Supplied material -
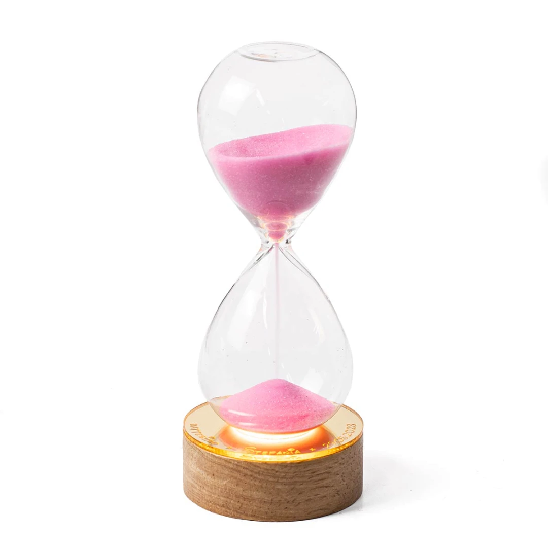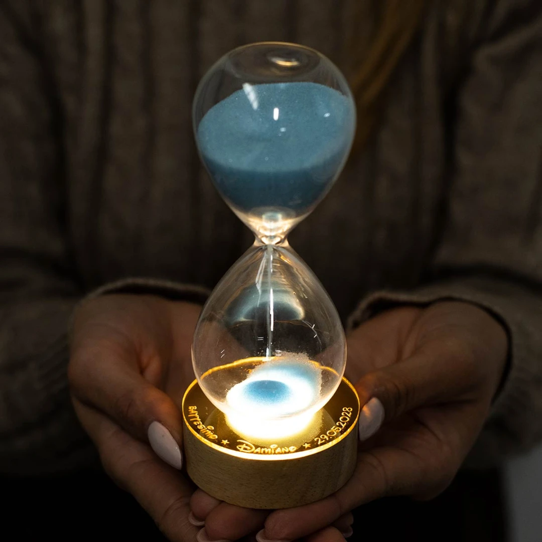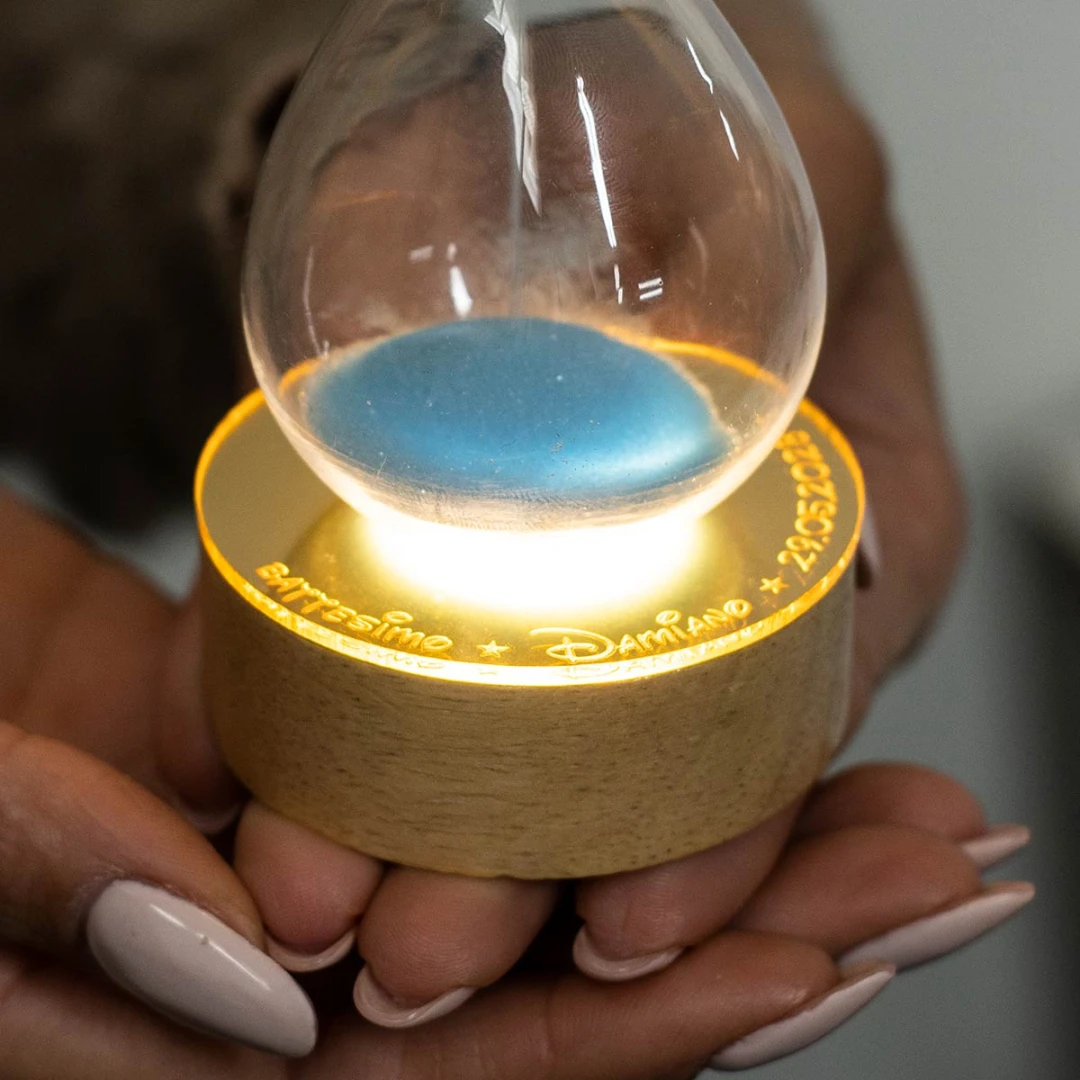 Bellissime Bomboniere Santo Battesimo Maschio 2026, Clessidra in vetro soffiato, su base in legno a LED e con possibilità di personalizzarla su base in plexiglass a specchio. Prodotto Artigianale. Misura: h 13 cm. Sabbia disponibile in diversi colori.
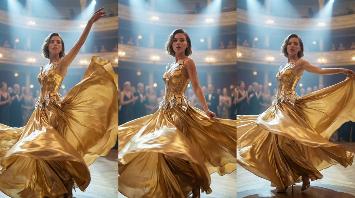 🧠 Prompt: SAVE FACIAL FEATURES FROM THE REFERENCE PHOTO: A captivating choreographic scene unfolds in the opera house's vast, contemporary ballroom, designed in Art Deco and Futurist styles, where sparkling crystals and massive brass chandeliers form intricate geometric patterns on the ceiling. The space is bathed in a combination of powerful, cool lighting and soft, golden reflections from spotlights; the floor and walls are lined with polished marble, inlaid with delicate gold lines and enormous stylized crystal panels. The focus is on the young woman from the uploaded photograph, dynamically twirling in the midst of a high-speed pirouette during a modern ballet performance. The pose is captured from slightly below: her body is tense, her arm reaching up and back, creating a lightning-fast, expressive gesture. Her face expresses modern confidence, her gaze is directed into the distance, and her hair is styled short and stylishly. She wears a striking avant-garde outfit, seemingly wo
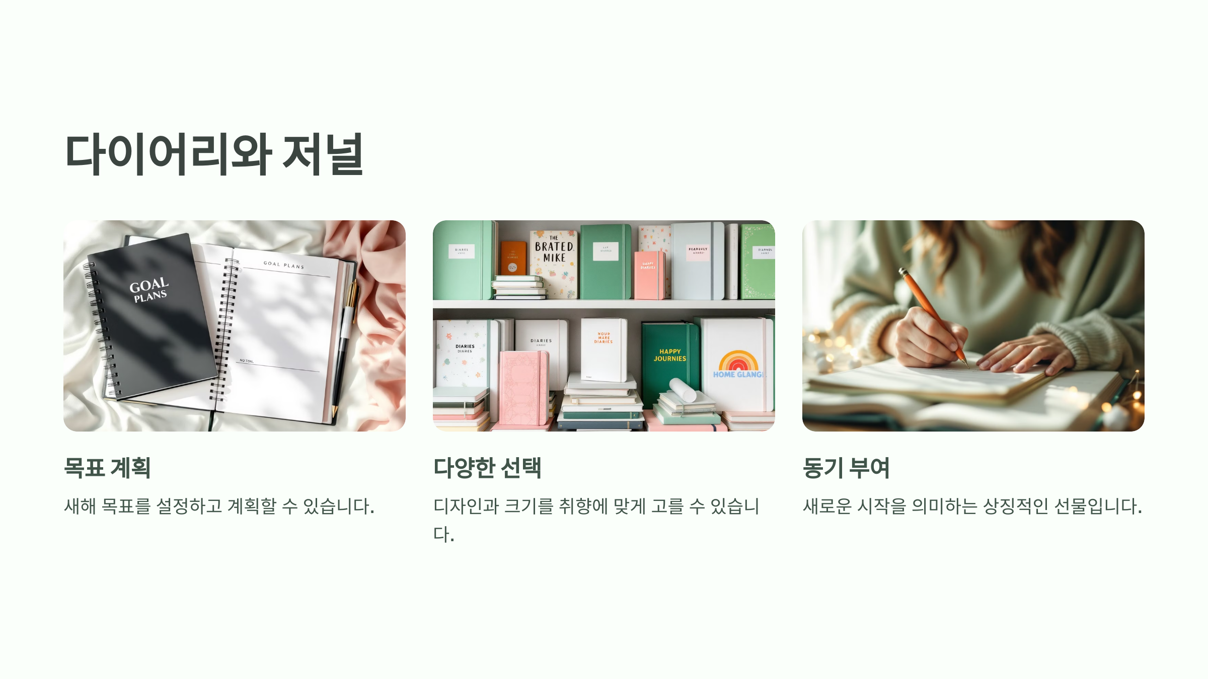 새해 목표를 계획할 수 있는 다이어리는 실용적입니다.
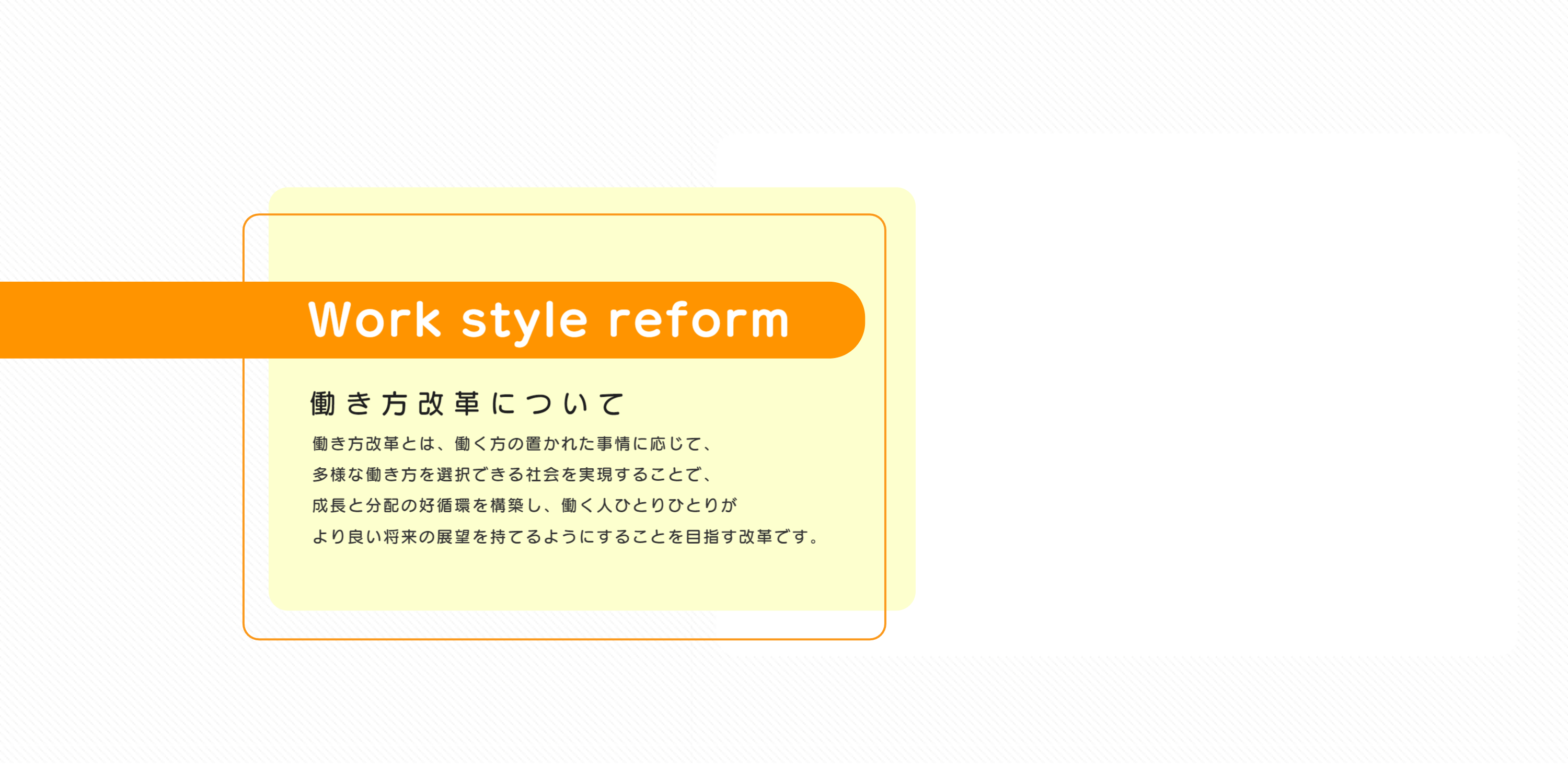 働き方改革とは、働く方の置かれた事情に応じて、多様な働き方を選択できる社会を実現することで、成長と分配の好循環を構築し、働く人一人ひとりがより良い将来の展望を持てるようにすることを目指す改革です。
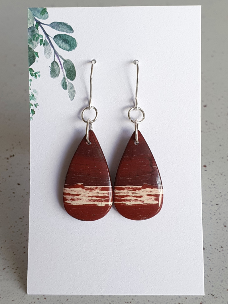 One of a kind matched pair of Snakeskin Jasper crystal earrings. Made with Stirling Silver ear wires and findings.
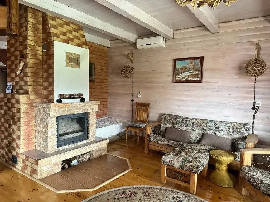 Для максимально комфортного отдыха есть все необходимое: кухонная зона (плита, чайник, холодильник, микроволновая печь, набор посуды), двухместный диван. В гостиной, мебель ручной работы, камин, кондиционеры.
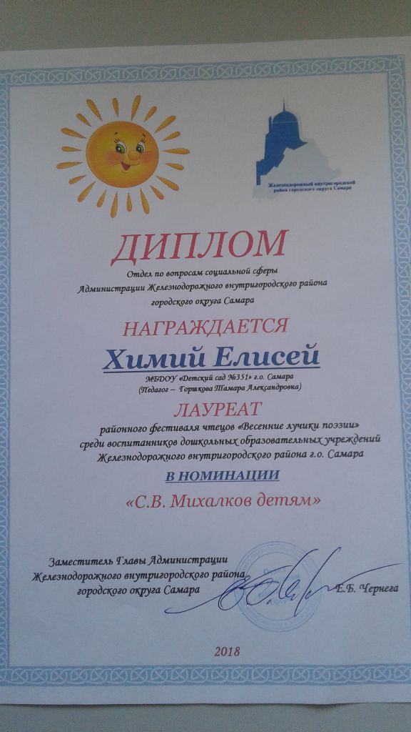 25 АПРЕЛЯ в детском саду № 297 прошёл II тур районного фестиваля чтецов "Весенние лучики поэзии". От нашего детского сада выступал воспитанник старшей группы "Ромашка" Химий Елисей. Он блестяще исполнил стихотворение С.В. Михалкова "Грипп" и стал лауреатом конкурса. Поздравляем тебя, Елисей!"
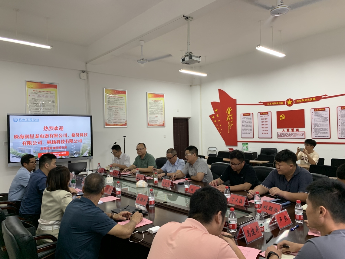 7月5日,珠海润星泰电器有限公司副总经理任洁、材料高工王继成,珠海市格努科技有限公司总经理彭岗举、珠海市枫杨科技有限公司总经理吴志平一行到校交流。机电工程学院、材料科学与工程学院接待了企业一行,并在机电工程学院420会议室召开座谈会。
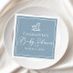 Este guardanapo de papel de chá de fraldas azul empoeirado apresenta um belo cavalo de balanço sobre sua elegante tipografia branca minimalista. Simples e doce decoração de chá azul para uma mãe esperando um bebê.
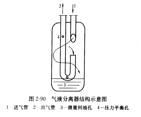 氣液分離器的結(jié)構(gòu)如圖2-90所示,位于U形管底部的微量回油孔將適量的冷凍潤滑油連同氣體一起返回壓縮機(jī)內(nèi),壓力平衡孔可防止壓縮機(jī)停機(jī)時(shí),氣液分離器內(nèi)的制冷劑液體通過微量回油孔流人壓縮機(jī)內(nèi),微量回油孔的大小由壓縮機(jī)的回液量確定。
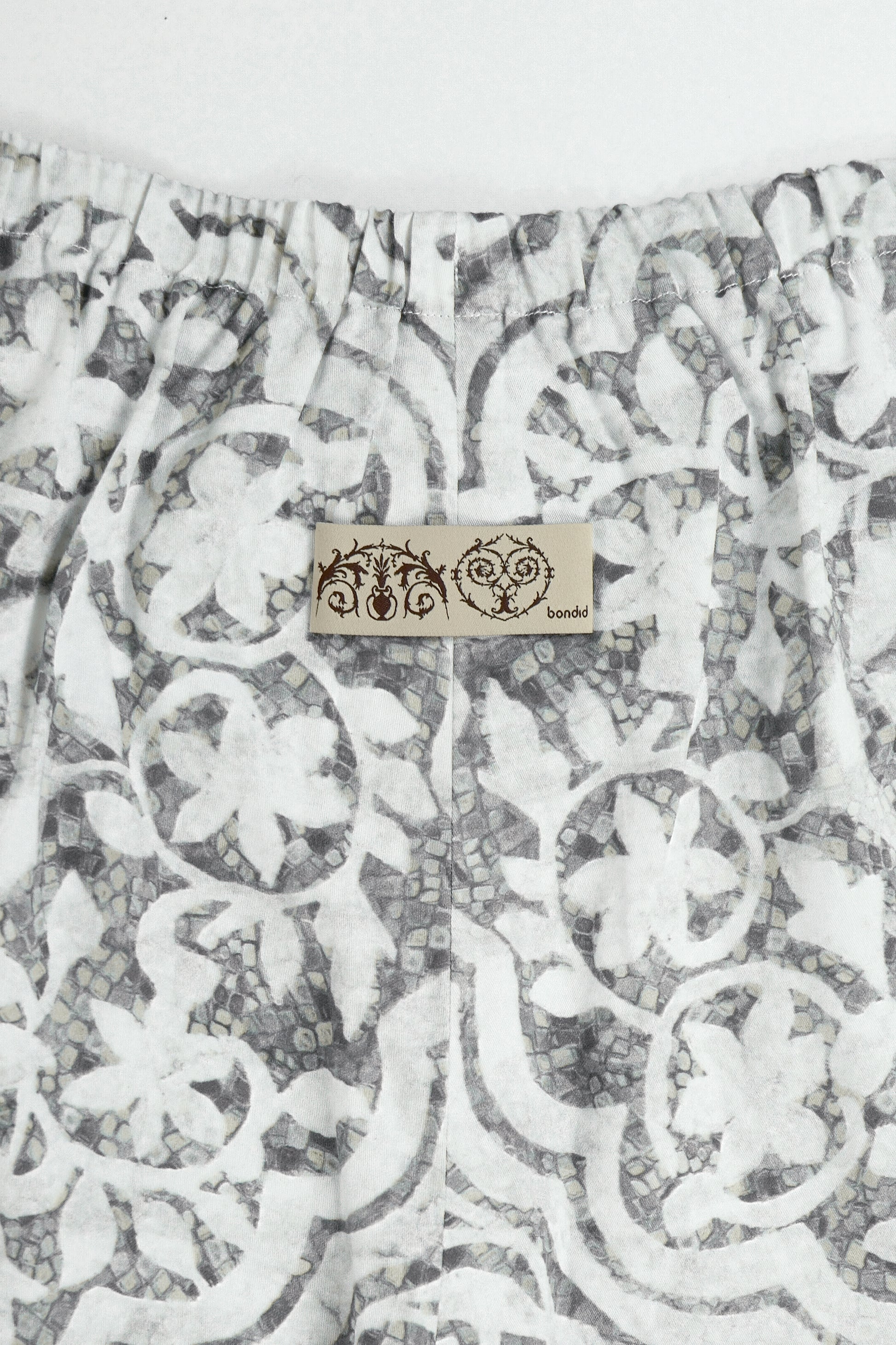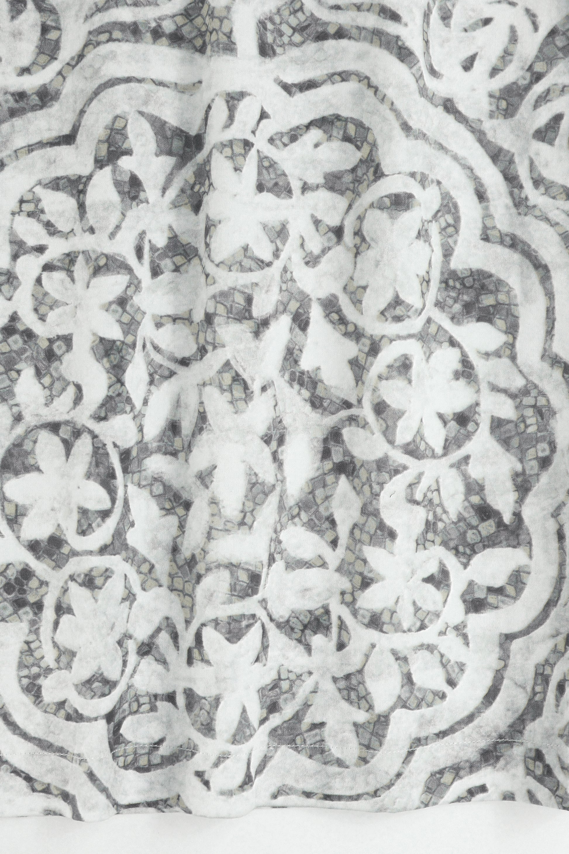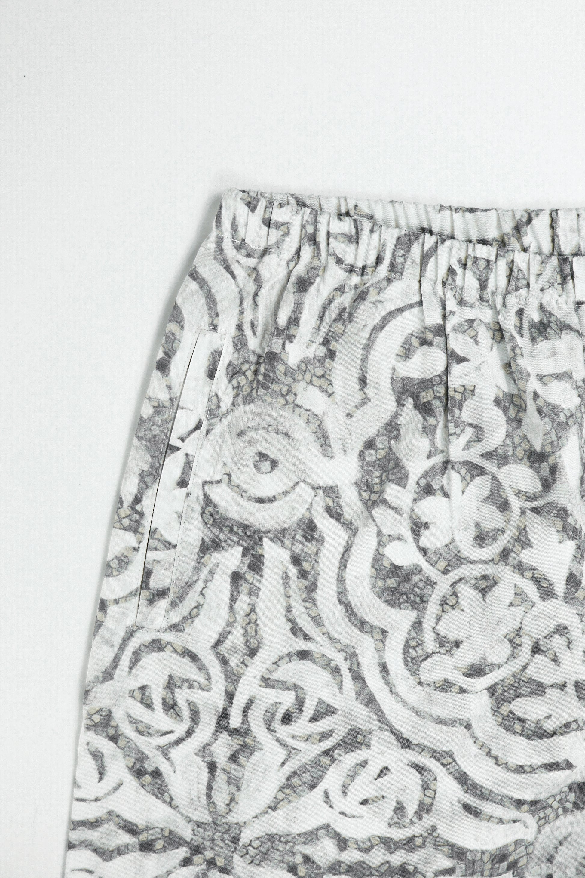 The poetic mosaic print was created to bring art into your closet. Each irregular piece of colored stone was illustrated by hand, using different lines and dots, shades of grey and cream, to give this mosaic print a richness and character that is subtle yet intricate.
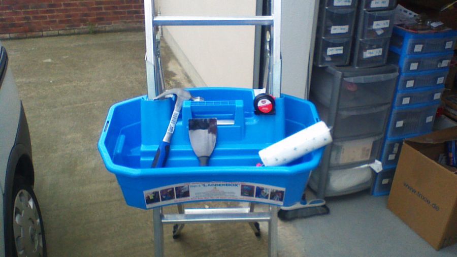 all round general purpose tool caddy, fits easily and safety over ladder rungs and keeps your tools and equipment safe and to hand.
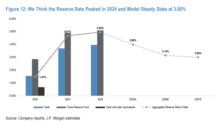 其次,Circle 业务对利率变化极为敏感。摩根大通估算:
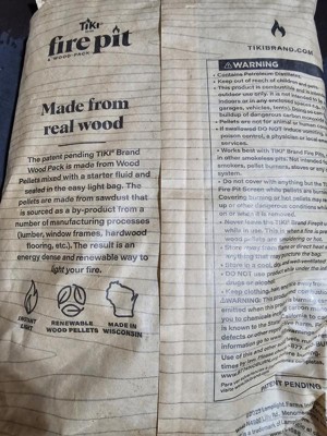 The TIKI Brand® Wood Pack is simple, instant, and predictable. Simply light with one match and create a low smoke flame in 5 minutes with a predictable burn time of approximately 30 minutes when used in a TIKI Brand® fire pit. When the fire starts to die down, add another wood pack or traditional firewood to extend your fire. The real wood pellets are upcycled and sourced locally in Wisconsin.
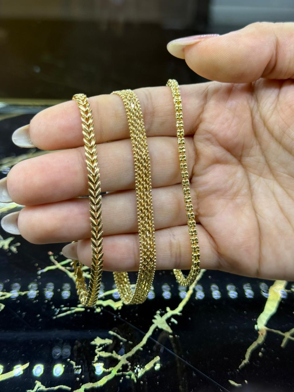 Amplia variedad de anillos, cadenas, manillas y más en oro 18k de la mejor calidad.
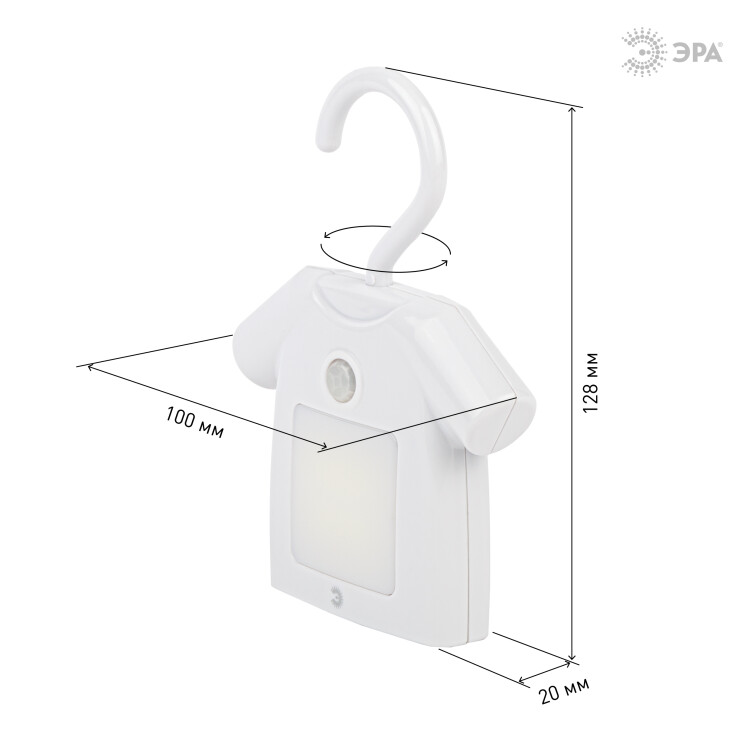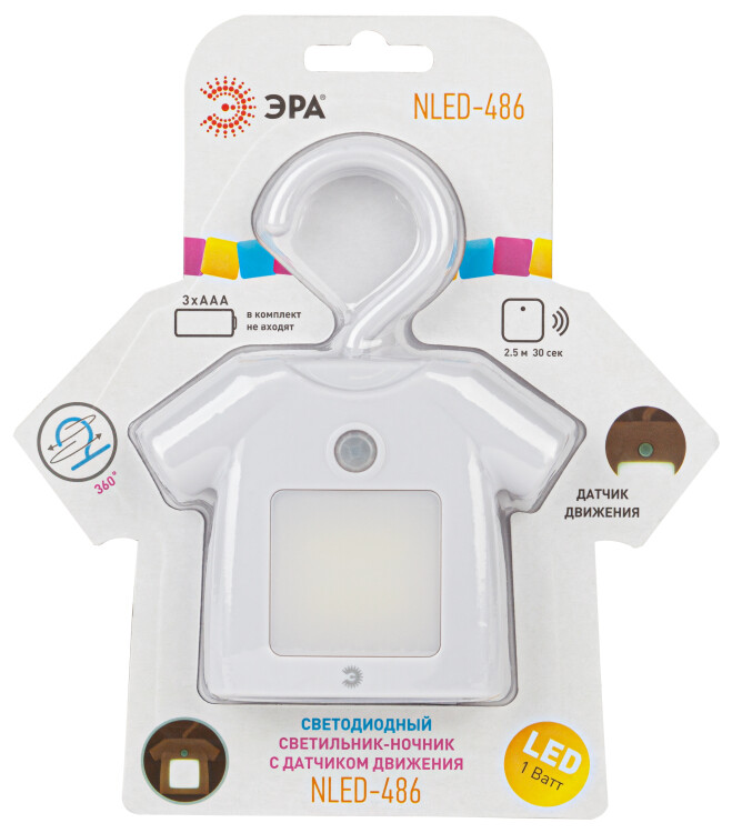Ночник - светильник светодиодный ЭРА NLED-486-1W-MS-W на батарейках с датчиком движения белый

Your task - From the records above, copy exactly the lines starting at the one with "The poetic mosaic" and ending at the one with "all round general", and no others. Pictures stay out.

Response box -
 The poetic mosaic print was created to bring art into your closet. Each irregular piece of colored stone was illustrated by hand, using different lines and dots, shades of grey and cream, to give this mosaic print a richness and character that is subtle yet intricate.
 all round general purpose tool caddy, fits easily and safety over ladder rungs and keeps your tools and equipment safe and to hand.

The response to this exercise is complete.